Der Bescheid wird aufgehoben.
Der Bund (Bundesminister für Wirtschaft und Arbeit) ist schuldig, der Beschwerdeführenden Gesellschaft zu Handen ihres Rechtsvertreters die mit 2.340 € bestimmten Prozesskosten binnen vierzehn Tagen bei sonstiger Exekution zu erstatten.
Begründung
Entscheidungsgründe:
I. Mit dem angefochtenen Bescheid wird der beschwerdeführenden Gesellschaft für den mit einem Nachprüfungsantrag (§162 Abs2 Z2 BVergG 2002) betreffs eines Lieferauftrags im Sinne des §2 BVergG 2002 (mit einem geschätzten Auftragswert von 2,1 Mio €) gestellten Antrag auf Erlassung einer einstweiligen Verfügung (§171 Abs1 BVergG 2002) eine Pauschalgebühr von (weiteren) 1600 € vorgeschrieben.
Gegen diese Vorschreibung wendet sich die vorliegende Beschwerde, in der die Gesetzwidrigkeit der Pauschalgebührenverordnung und die Gleichheitswidrigkeit der Gebührenvorschreibung gerügt und darüber hinaus die Verfassungswidrigkeit des Pauschalgebührensystems behauptet wird.

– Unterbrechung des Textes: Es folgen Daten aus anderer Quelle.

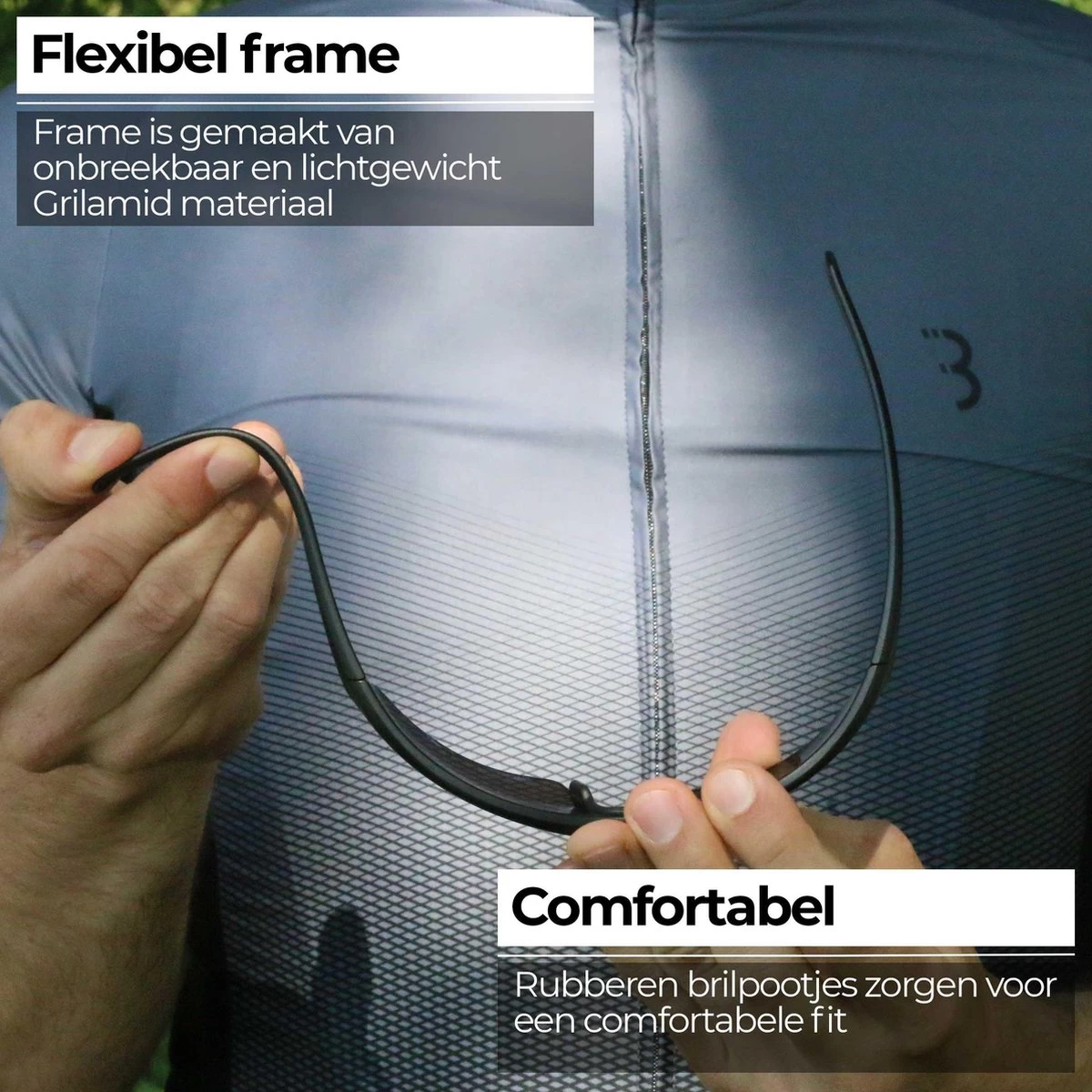 Hi-impact polycarbonaat frame met instelbaar rubberen neusstuk.

Aus Anlass dieser Beschwerde leitete der Verfassungsgerichtshof gemäß Art139 Abs1 undArt140 Abs1 B-VG von Amts wegen Verfahren zur Prüfung der Gesetzmäßigkeit der Wortfolge "Liefer- und Dienstleistungsaufträge ... 1600 €" in der letzten Zeile des §1 der Verordnung der Bundesregierung betreffend die Gebühren für die Inanspruchnahme des Bundesvergabeamtes, BGBl. II Nr. 324/2002, sowie zur Prüfung der Verfassungsmäßigkeit der Wortfolge ", 171 Abs1" in §177 Abs1 und der Wortfolge "Liefer- und Dienstleistungsaufträge ..." in der letzten Zeile des Anhanges X jeweils des Bundesvergabegesetzes, BGBl. I Nr. 99/2002 (G124/06, V44/06) ein.

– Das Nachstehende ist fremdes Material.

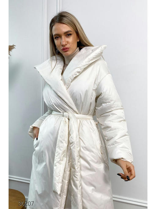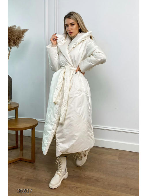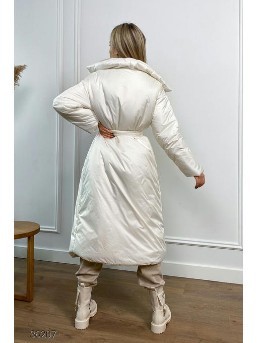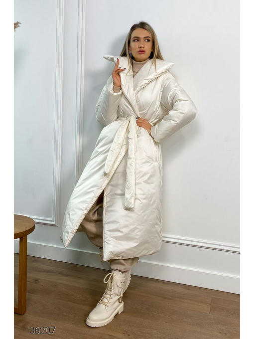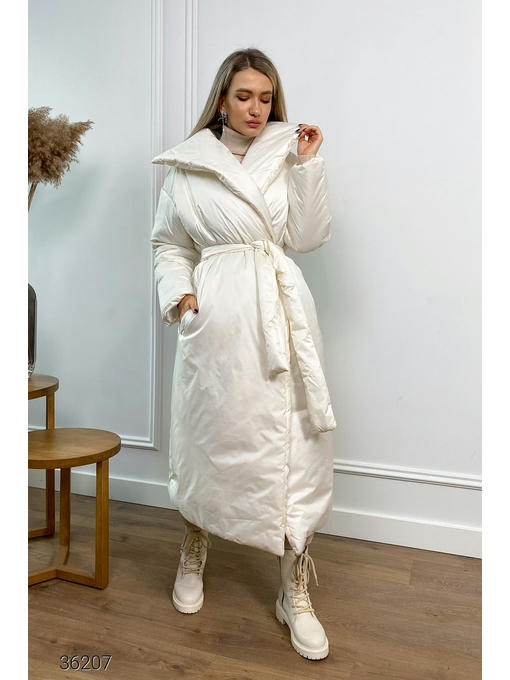 Дутое пальто в стиле оверсайз. Объёмный отложной ворот, заниженная линия плеч, боковые карманы. Есть подкладка, в комплекте пояс. Размер универсальный, подходит на 42 – 48.
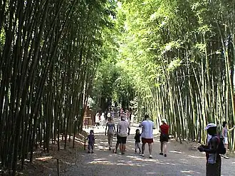 The garden contains one of Europe's oldest bamboo collections, established in 1856 by amateur botanist Eugène Mazel (1828-1890), who had made his fortune in the spice trade, and who continued to build the collection until he encountered financial problems in 1890. Although the garden subsequently changed ownership several times, it has continued to be a showcase for bamboos, and today contains around 300 bamboo species and cultivars, as well as other plantings of Asiatic shrubs and trees, Ginkgo biloba, sequoia, Trachycarpus fortunei, a replica of a Laotian village, and some 5 km of water canals.
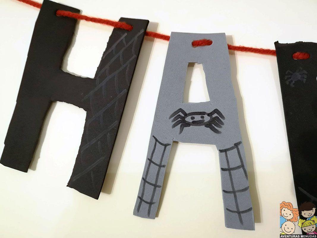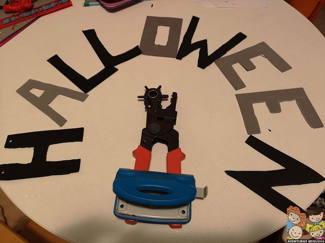 Marcamos y recortamos las letras HALLOWEEN en la goma eva.
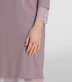 - Tulle lace on the sleeves and hem adds a touch of lightness
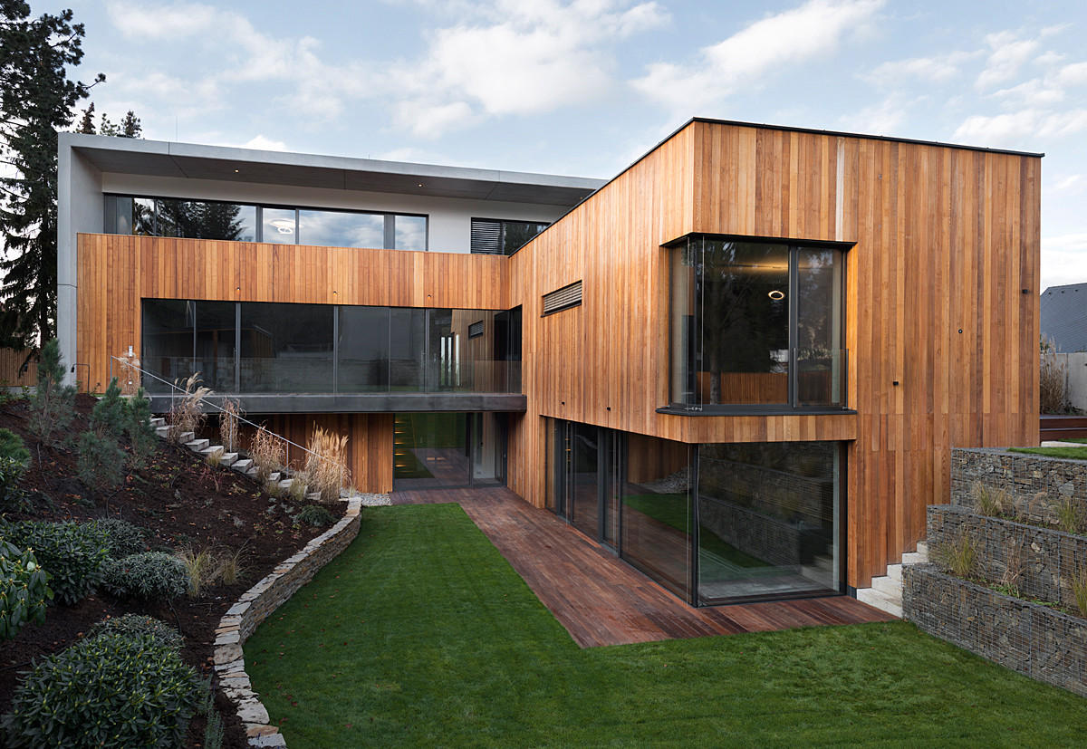Severní průčelí domu je tvořené pravidelným vertikálním rastrem, odpovídajícím menší potřebě oken tímto směrem, je tradičně omítnuto. Jižní průčelí, z něhož vybíhá výrazné křídlo základní obytné části do zahrady, je zcela odlišné, je svým rozsáhlým prosklením maximálně otevřené do výrazného reliéfu zahrady a jeho obložení cedrovým dřevem potvrzuje propojení domu s přírodou i intimitu prostředí v této části pozemku. Intenzivní propojení, prolnutí domu se zahradou a vytvoření chráněného soukromí v její části je podstatným principem našeho návrhu. V zahradě jsou vysázeny stejné druhy rostlin jako v nedalekém Průhonickém Parku, svažitější část landscapu pokrývají obdobně jako tam rododendrony.
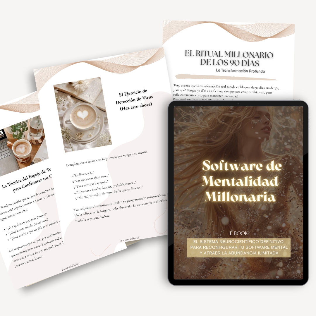 🔥 “Software de Mentalidad Millonaria” es mucho más que un libro. Vas a poder lograr elevar tu termostato financiero. Es un entrenamiento de reprogramación interna para transformar por completo la forma en que pensás, sentís y actuás frente al dinero, la abundancia y tu propio valor.
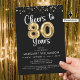 Celebrate an 80th birthday with these elegant and festive party invitations featuring the title CHEERS TO 80 YEARS with faux metallic gold balloon numbers and modern script typography and confetti in your choice of background colour (shown in black). ASSISTANCE: For help with design modification or personalisation, transferring the design to another product or if you would like coordinating items, contact the designer BEFORE ordering via Zazzle Chat or email makeitaboutyoustore@gmail.com.
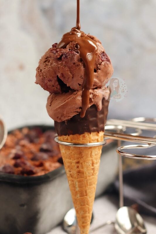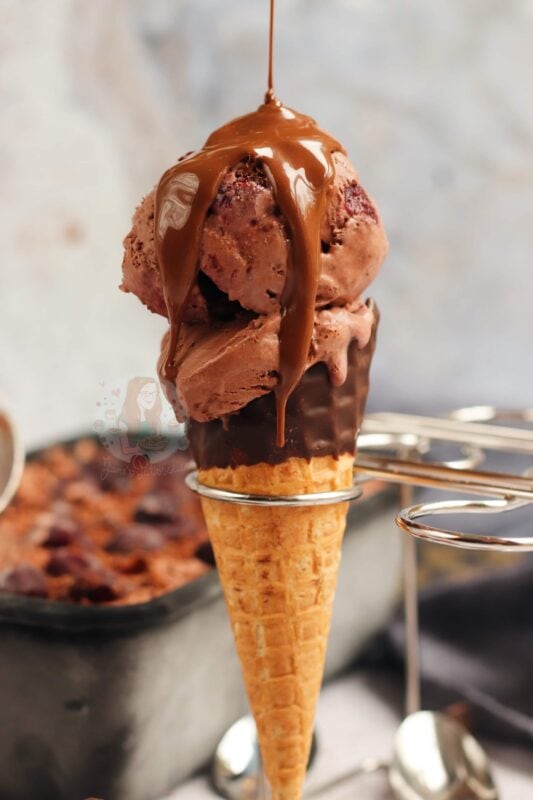 I served this in a chocolate topped waffle cone, with a drizzle of chocolate sauce… because you always need that bit more chocolate in my opinion.
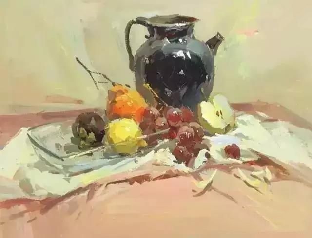 水果总的特点是颜色丰富,色彩纯度较高,表面光滑。作画时要注意水果的素描关系和体积感,把握好色彩的水分,表现出笔触,塑造时多用色块表现。
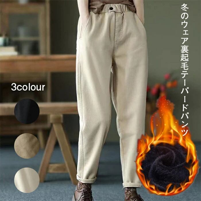 テーパードパンツ 冬 裏起毛 レディース パンツ 快適 裏ボア ズボン 保温 もこもこ
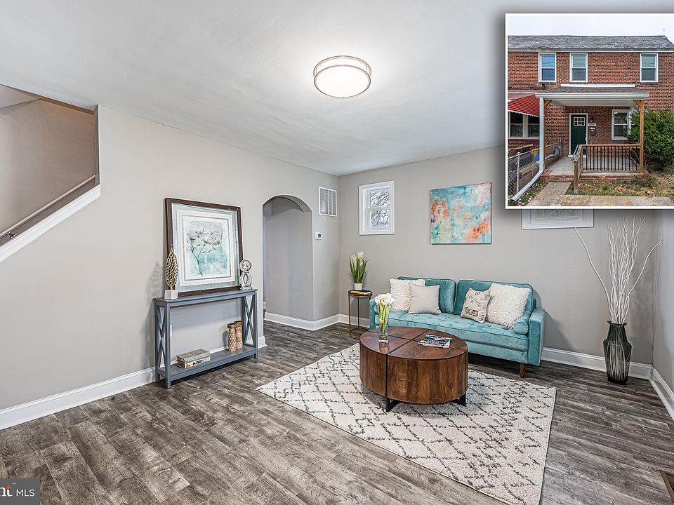 SIMPLY CHARMING END OF GROUP ROWHOME THAT'S MOVE IN READY! Property was completely renovated in 2020 and features a traditional floor plan with a spacious living room, separate dining room, designer kitchen with ss appliances, Quartz counters, and a stacked stone backsplash, upper level with 3 bedrooms and 1 full bath, a partially finished basement with laundry that's perfect for a rec area or storage, and a fenced rear patio! Pack your bags and move right in!

Mit Erkenntnis vom heutigen Tag, G124/06, V44/06, stellte er die Verfassungswidrigkeit der Wortfolge ", 171 Abs1" in §177 Abs1 und der Wortfolge "Liefer- und Dienstleistungsaufträge ..." in der letzten Zeile des Anhanges X jeweils des Bundesvergabegesetzes in der Fassung BGBl. I Nr. 99/2002 und die Gesetzwidrigkeit der Verordnung der Bundesregierung betreffend die Gebühren für die Inanspruchnahme des Bundesvergabeamtes, BGBl. II Nr. 324/2002 fest.
II. Die belangte Behörde hat ein verfassungswidriges Gesetz und eine gesetzwidrige Verordnung angewendet. Es ist nach Lage des Falles offenkundig, dass ihre Anwendung für die Rechtsstellung des Beschwerdeführers nachteilig war.

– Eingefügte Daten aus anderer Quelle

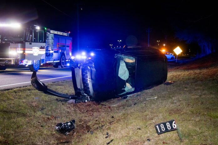 Emergency units responded to this crash in front of Habersham Central High School on GA 197 South in Mt. Airy, Georgia, on March 31, 2025. (Daniel Purcell/NowHabersham.com)
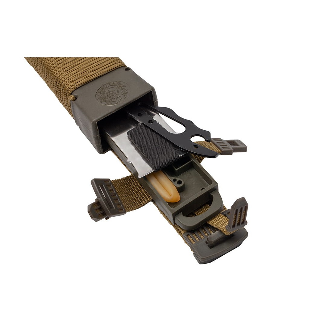 Fabrycznie umieszczono w nim mini zestaw survivalowy, w którego skład wchodzą: zapałki, draska, żyłka, haczyk i plaster.
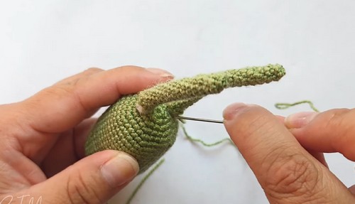 - Make a magic ring using orange yarn
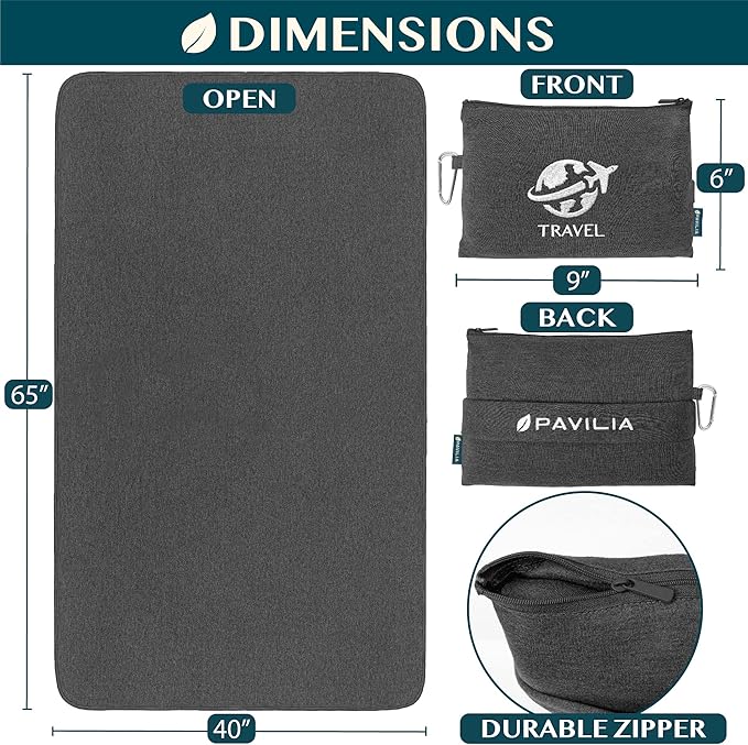 - SUPER SOFT AND WARM: The Black travel blanket airplane is crafted by premium jersey polyester that retains heat effectively yet stays lightweight. Edge stitching design enhances durability, making PAVILIA plane blanket perfect for any travel adventure, car trip
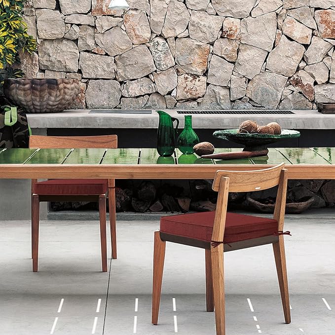 Sunbrella Square Corner Seat Cushions, 19" x 19" x 3", Set of 4, Indoor Outdoor Water Repellent Universal Chair Pads with Ties for Patio Furniture, Garden Dining Chairs, Spectrum Brick
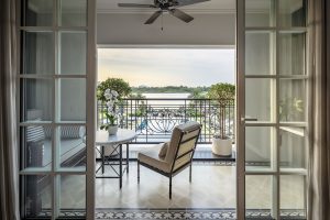 Mia Saigon is a gorgeous sweeping hotel on the banks of the Saigon River. A beautifully designed white property inspired by early 1920’s art deco architecture from the French Indochina, the elegance and vastness of the property gives this luxury boutique hotel a grand feel. The entrance is airy and walks straight through to an expansive pool and plush greenery filled with flowers. The rooms are beautifully decorated and have large terraces overlooking the pool and river. Interior colours are inspired by citrine, emerald and ruby gemstones and the high ceilings and large rooms are filled with the beautiful hue of natural light.
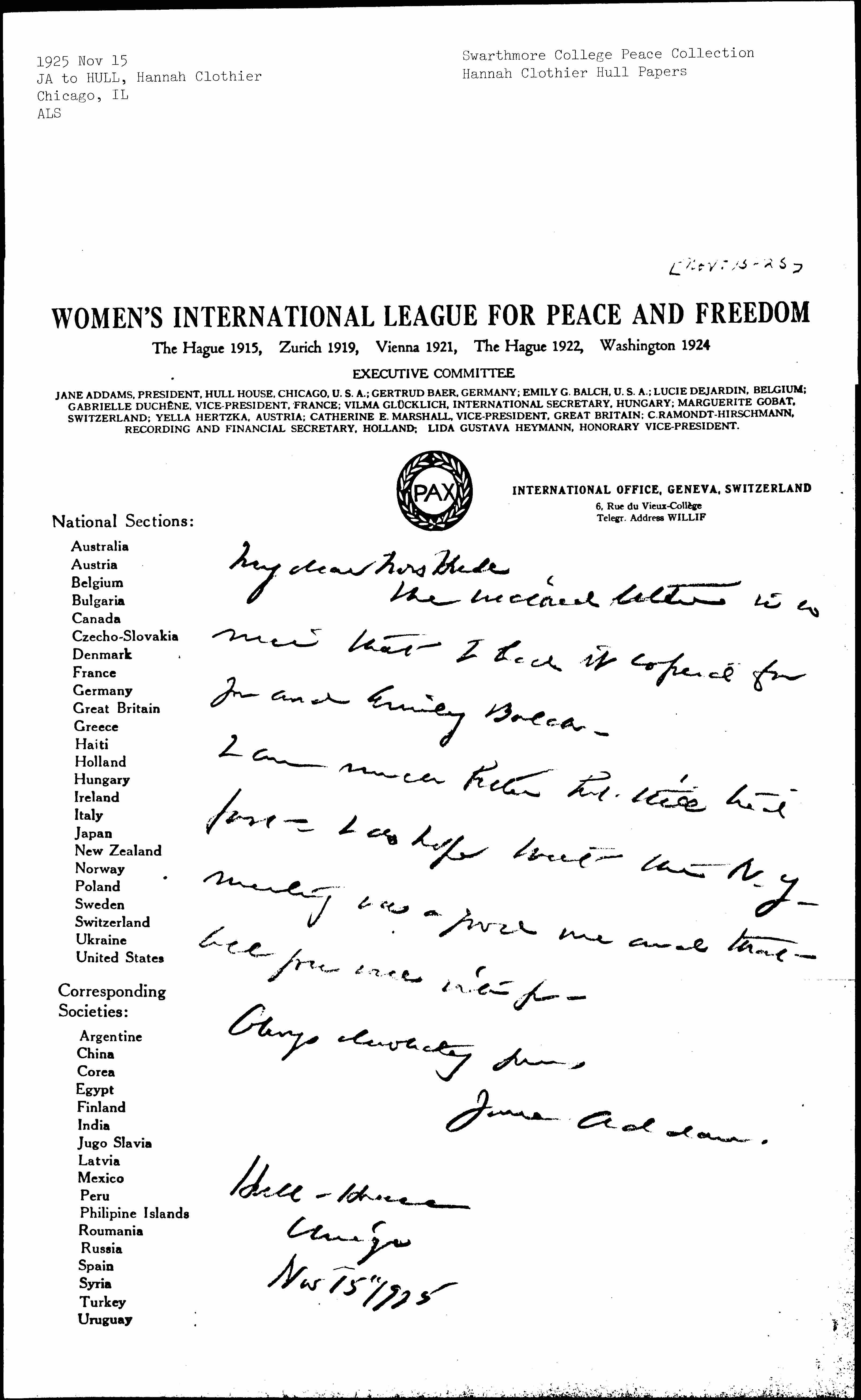 The [enclosed] letter is so nice that I had it copied for you and Emily Balch.

Der beschwerdeführende Gesellschaft wurde folglich durch den angefochtenen Bescheid wegen Anwendung eines verfassungswidrigen Gesetzes und einer gesetzwidrigen Verordnung in ihren Rechten verletzt (zB VfSlg. 10.303/1984, 10.515/1985).
Der Bescheid ist daher ohne mündliche Verhandlung in nichtöffentlicher Sitzung aufzuheben (§19 Abs4 Z3 VfGG).
Die Kostenentscheidung beruht auf §88 VfGG. In den zugesprochenen Kosten ist Umsatzsteuer in der Höhe von 360 € sowie eine Eingabengebühr gemäß §17a VfGG in der Höhe von 180 € enthalten.